Without copying any pictures, restate exactly the lines from the start of the records through the line containing "Також на виставці".

○ ○ ○ ○ ○ ○ ○

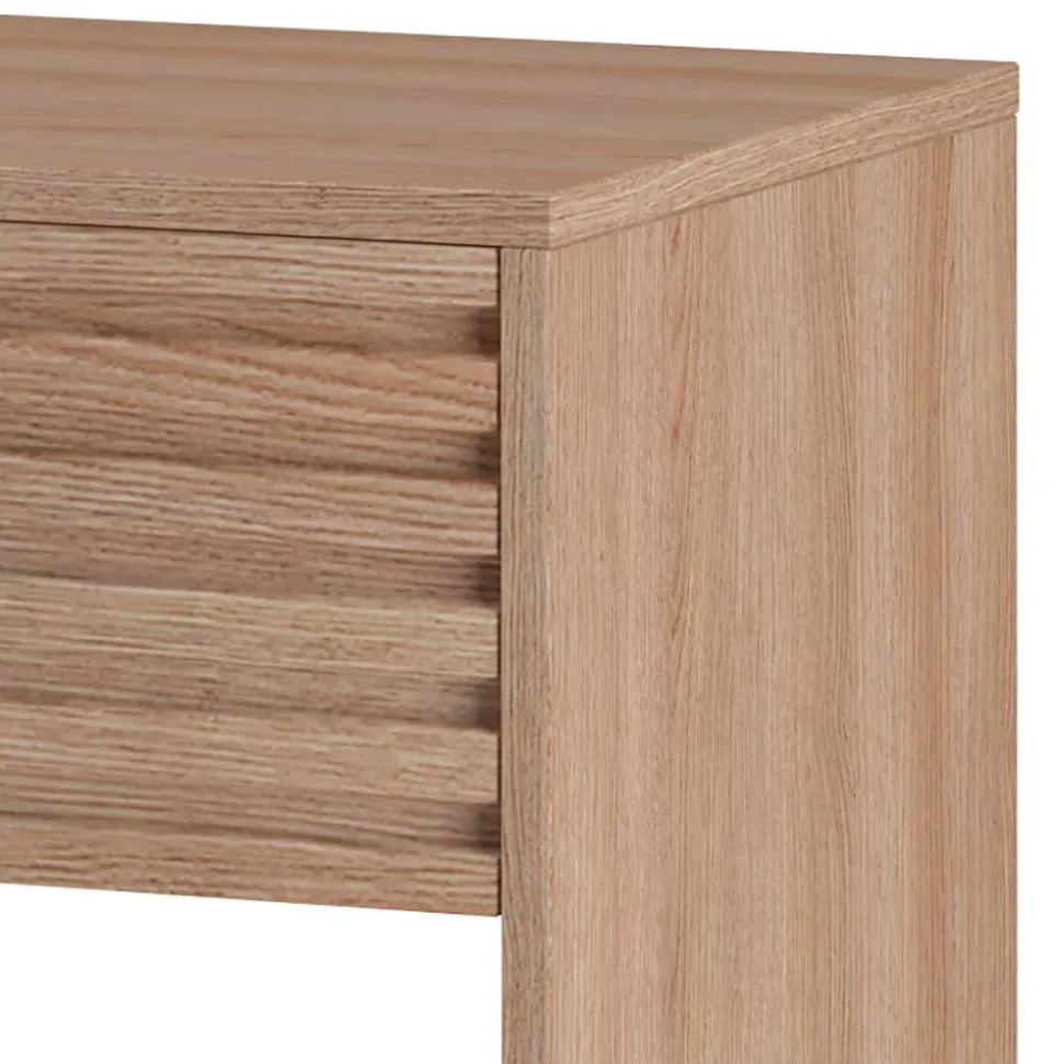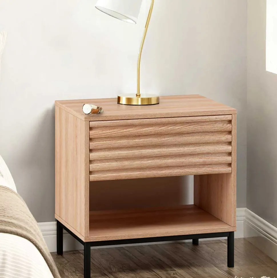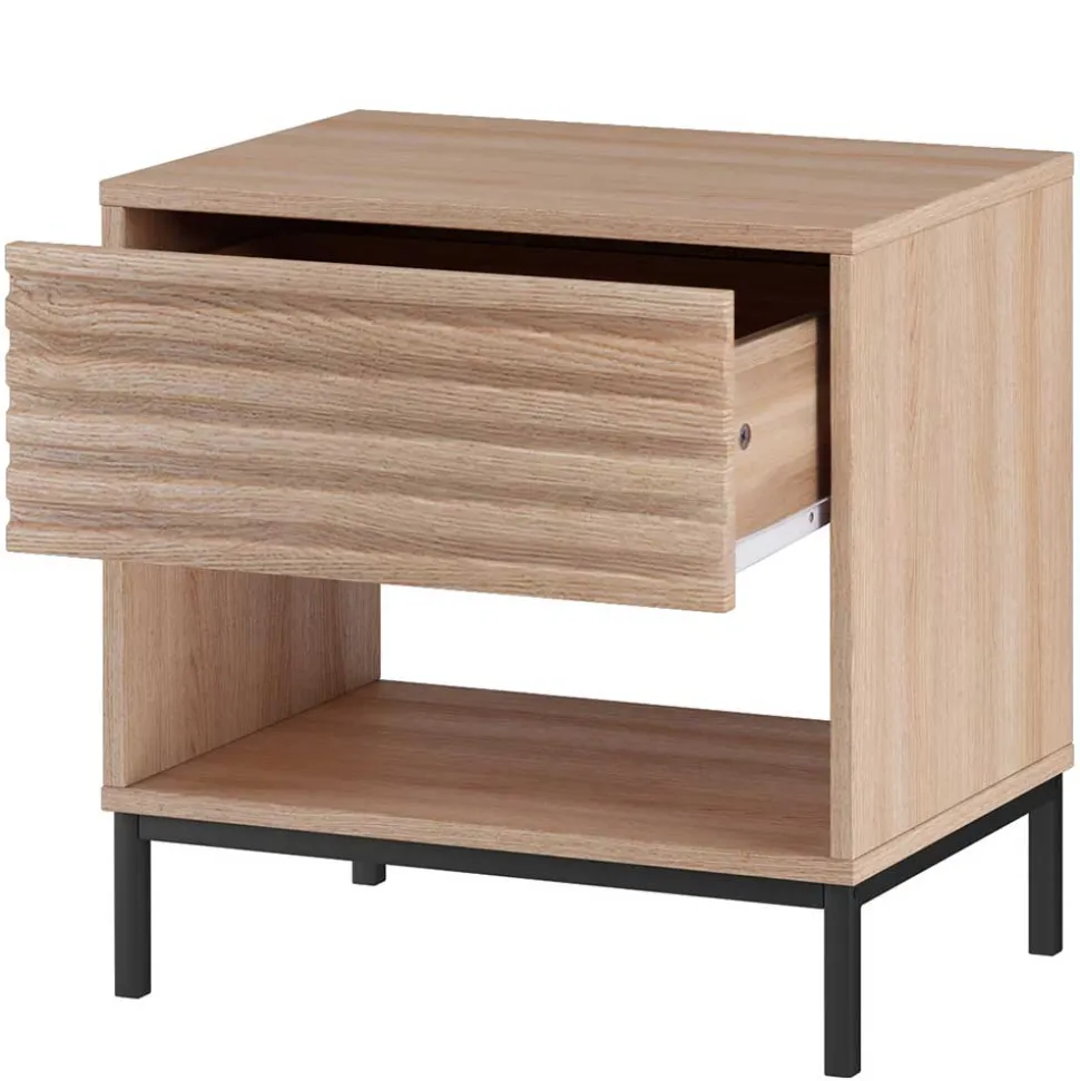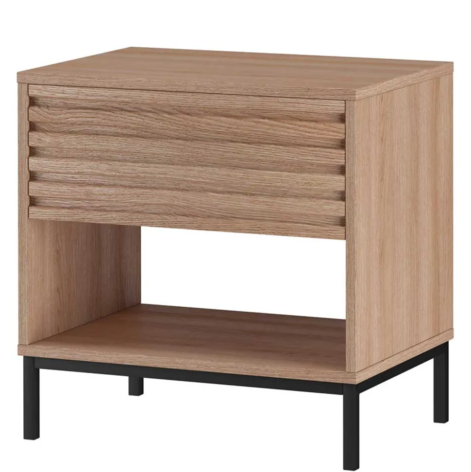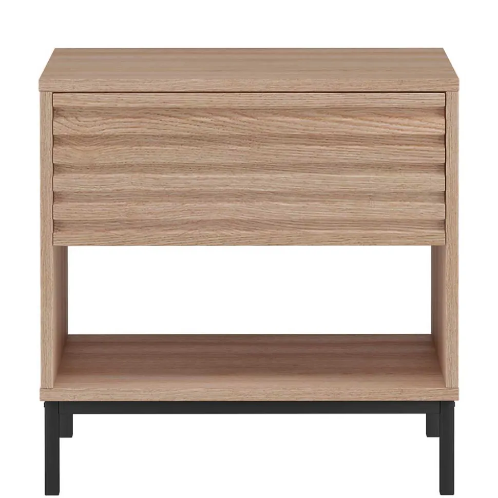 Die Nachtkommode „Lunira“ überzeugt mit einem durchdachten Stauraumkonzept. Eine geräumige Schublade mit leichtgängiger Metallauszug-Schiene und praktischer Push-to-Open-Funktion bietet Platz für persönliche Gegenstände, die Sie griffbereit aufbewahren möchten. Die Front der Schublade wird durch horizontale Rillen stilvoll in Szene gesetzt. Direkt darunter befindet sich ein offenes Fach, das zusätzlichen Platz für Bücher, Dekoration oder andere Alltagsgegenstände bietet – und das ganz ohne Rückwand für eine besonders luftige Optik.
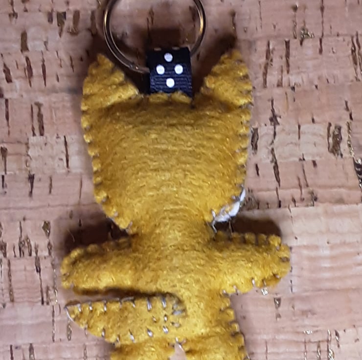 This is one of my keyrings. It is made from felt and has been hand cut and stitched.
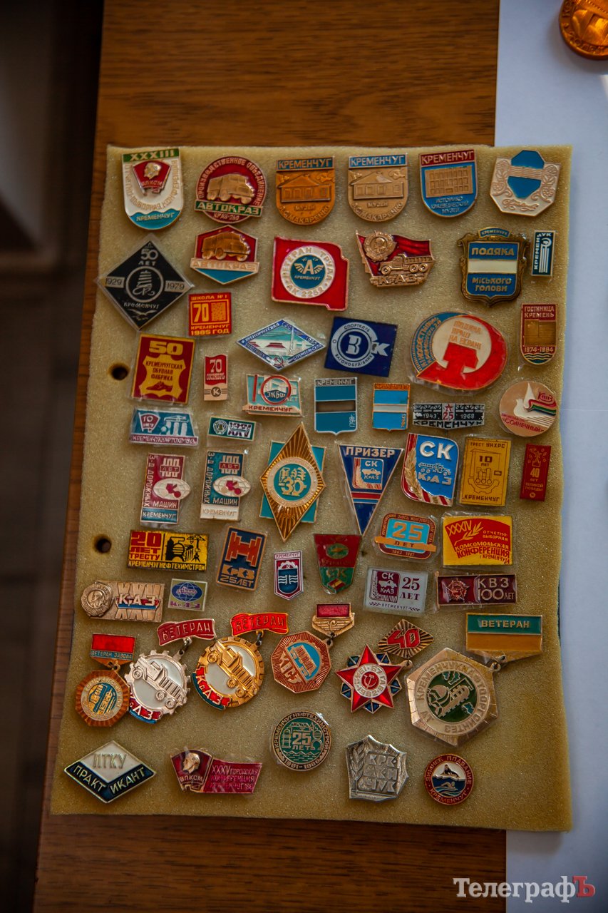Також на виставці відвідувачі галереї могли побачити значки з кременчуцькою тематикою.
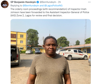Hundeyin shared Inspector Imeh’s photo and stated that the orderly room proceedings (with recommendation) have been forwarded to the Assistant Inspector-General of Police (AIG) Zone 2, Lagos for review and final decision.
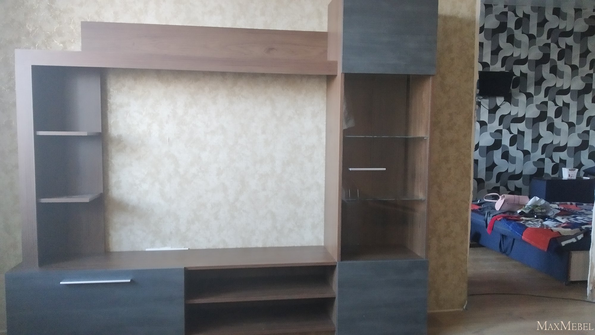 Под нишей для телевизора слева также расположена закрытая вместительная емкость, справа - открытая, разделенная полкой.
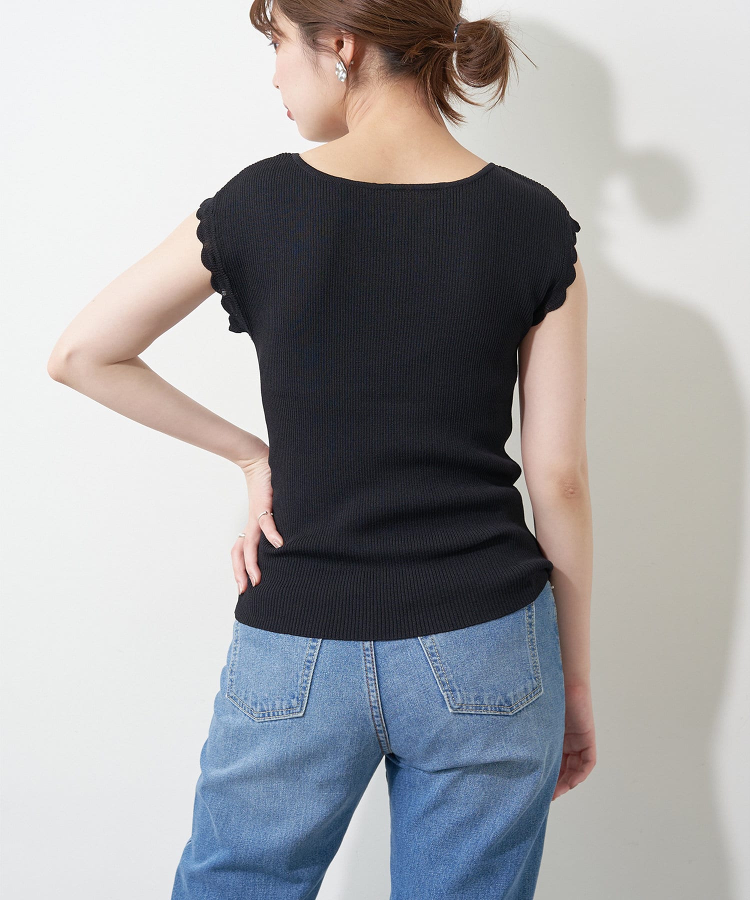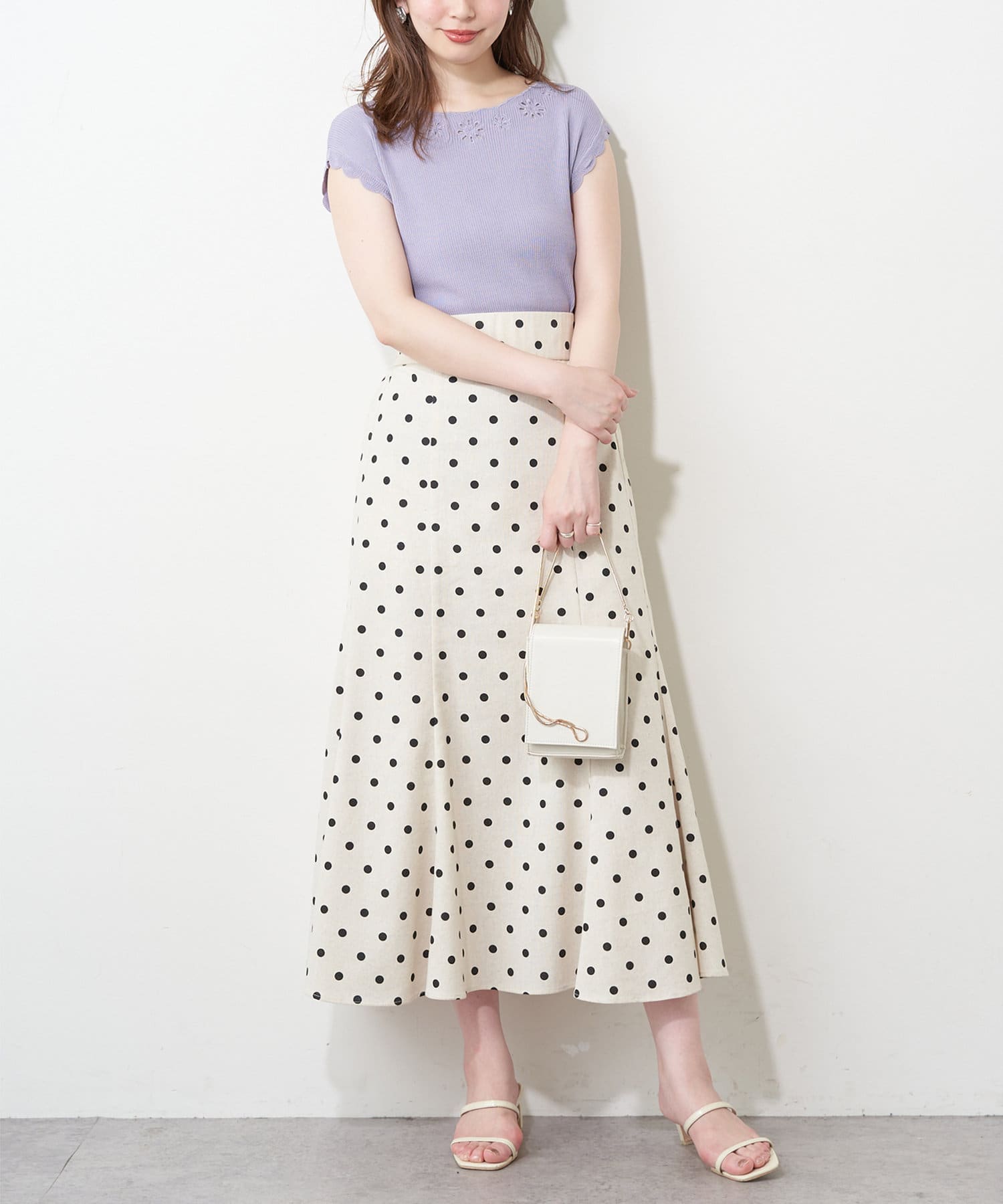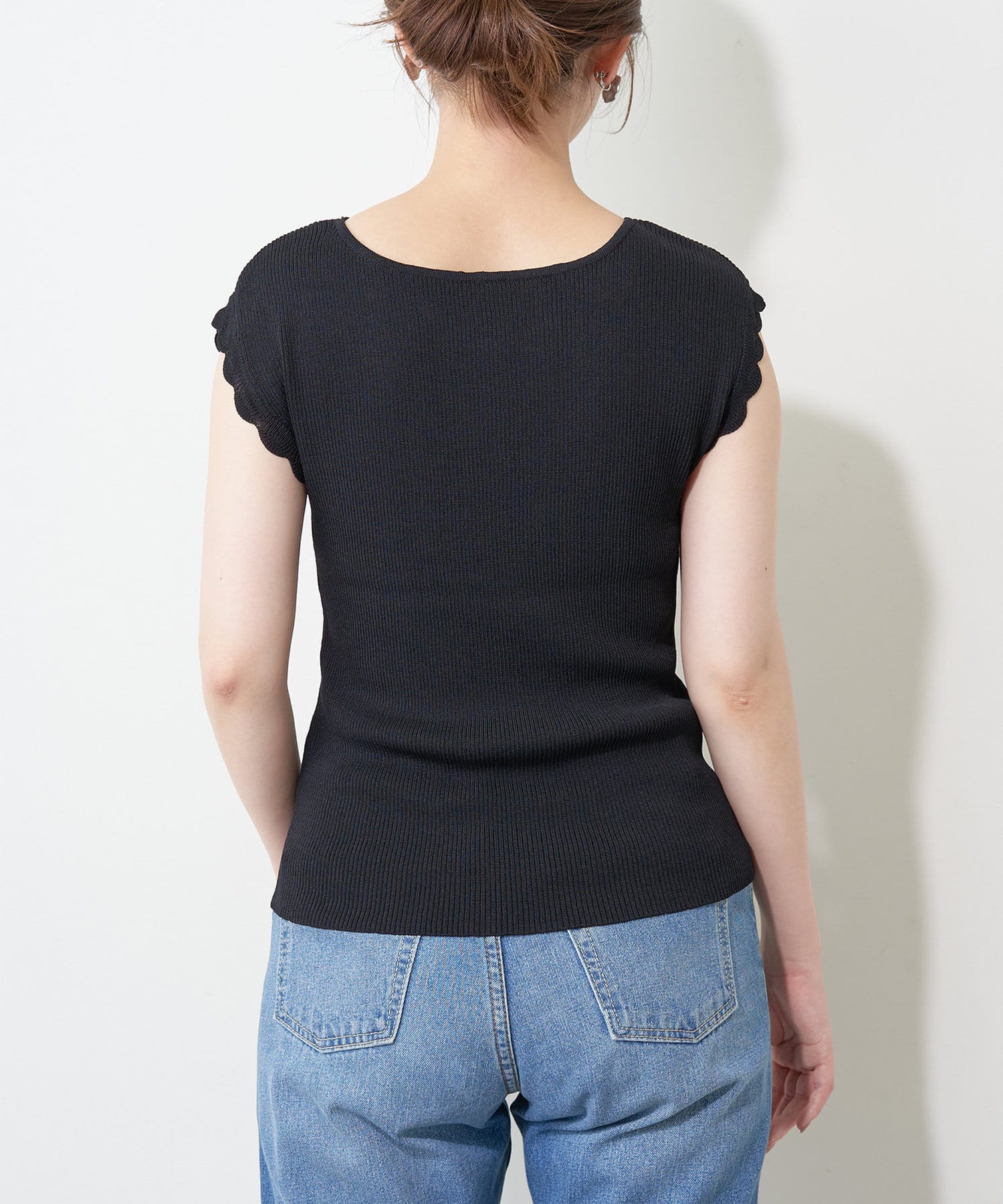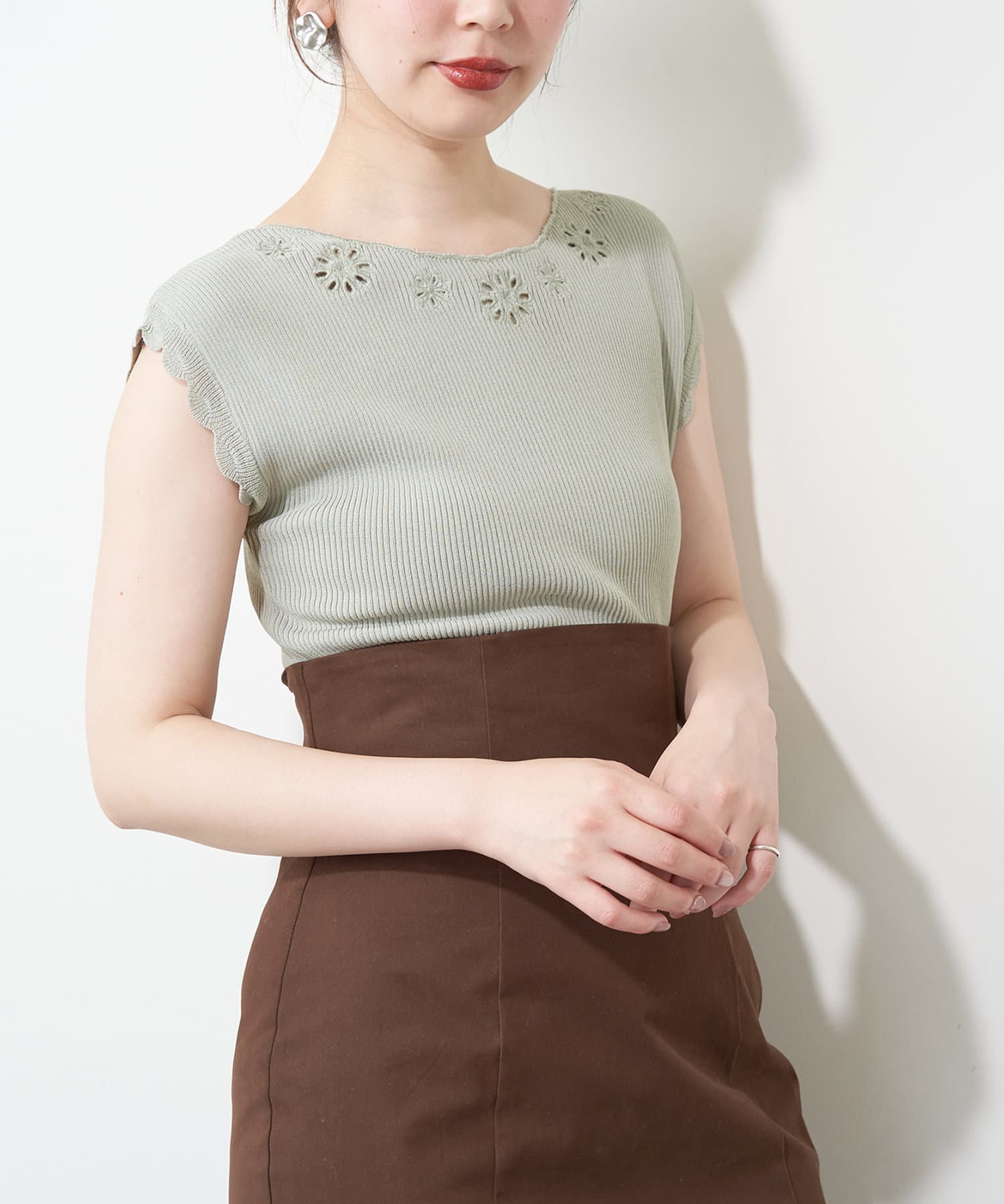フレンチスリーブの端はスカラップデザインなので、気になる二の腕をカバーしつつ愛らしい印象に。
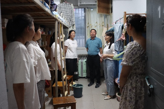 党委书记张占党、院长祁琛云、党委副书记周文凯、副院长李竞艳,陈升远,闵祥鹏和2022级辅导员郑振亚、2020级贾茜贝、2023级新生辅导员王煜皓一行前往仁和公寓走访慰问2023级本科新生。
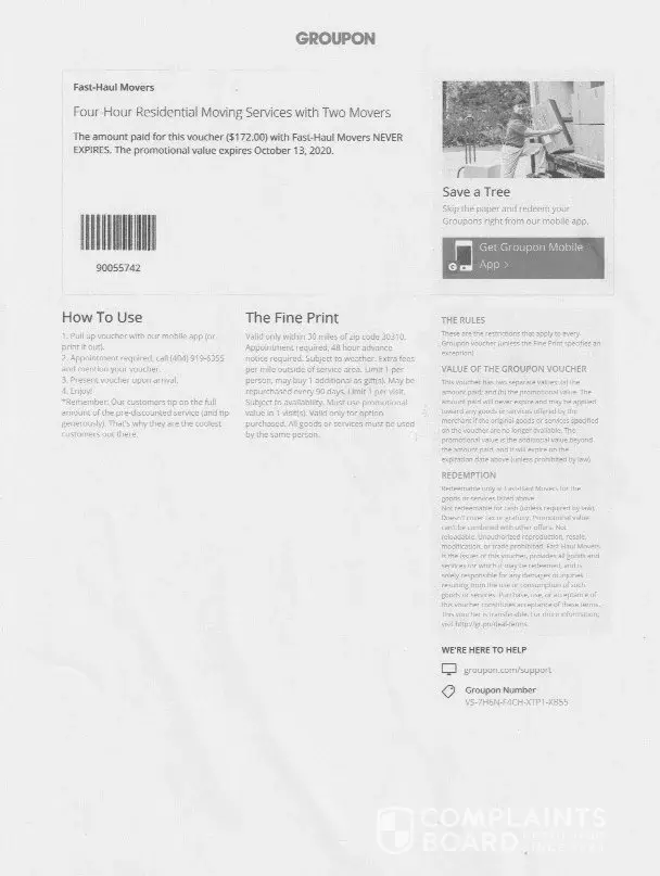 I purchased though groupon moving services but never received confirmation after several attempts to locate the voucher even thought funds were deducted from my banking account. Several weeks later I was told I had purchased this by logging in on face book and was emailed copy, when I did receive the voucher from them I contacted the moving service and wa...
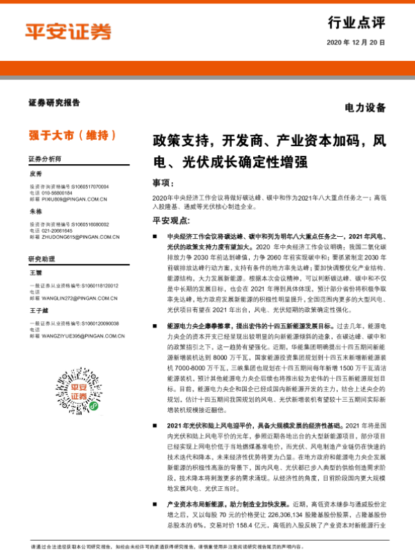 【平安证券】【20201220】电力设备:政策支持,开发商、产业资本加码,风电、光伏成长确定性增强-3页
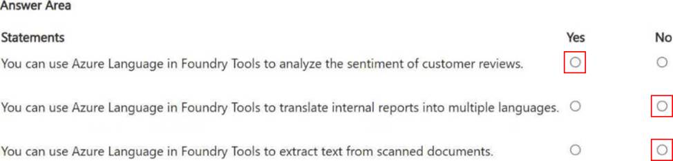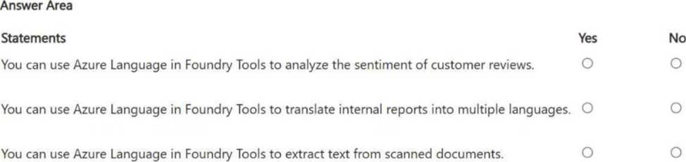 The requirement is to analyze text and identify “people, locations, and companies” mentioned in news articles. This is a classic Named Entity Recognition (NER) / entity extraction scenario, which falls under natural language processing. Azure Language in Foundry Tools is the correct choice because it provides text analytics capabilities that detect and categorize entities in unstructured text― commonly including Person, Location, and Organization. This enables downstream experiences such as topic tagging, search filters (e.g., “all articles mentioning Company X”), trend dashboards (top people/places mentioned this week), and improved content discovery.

○ ○ ○ ○ ○ ○ ○

_RESULT OF THIS TASK:_
 Die Nachtkommode „Lunira“ überzeugt mit einem durchdachten Stauraumkonzept. Eine geräumige Schublade mit leichtgängiger Metallauszug-Schiene und praktischer Push-to-Open-Funktion bietet Platz für persönliche Gegenstände, die Sie griffbereit aufbewahren möchten. Die Front der Schublade wird durch horizontale Rillen stilvoll in Szene gesetzt. Direkt darunter befindet sich ein offenes Fach, das zusätzlichen Platz für Bücher, Dekoration oder andere Alltagsgegenstände bietet – und das ganz ohne Rückwand für eine besonders luftige Optik.
 This is one of my keyrings. It is made from felt and has been hand cut and stitched.
Також на виставці відвідувачі галереї могли побачити значки з кременчуцькою тематикою.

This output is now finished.